### Data excerpt:
============
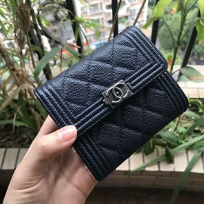 2018 Boy Chanel Matelasse Tri-Fold Wallet Original Calfskin Leather
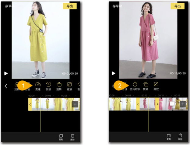第一步,打开蜜蜂剪辑软件进入编辑界面,点击“镜头排序”,用拖拽的方式来调整素材播放顺序,点击图片就能设置图片的播放时长,点击视频调整播放速度。
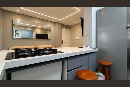 Apto reformado modernizado e automatizado. Iluminação toda em perfil de ledes. Sistema aquecedor com agua quente e fria nas torneiras. Sistema de ducha registro água quente fria. Portobello em todo apto . Gesso em todo apartamento Área de box com 2 metros de [LINK_REMOVIDO] hidráulica de agua, esgoto e elétrica novo. Apto mobiliado
============
### To do:
Leaving the pictures out, output each line of the listing exactly.

### Answer section:
 2018 Boy Chanel Matelasse Tri-Fold Wallet Original Calfskin Leather
第一步,打开蜜蜂剪辑软件进入编辑界面,点击“镜头排序”,用拖拽的方式来调整素材播放顺序,点击图片就能设置图片的播放时长,点击视频调整播放速度。
 Apto reformado modernizado e automatizado. Iluminação toda em perfil de ledes. Sistema aquecedor com agua quente e fria nas torneiras. Sistema de ducha registro água quente fria. Portobello em todo apto . Gesso em todo apartamento Área de box com 2 metros de [LINK_REMOVIDO] hidráulica de agua, esgoto e elétrica novo. Apto mobiliado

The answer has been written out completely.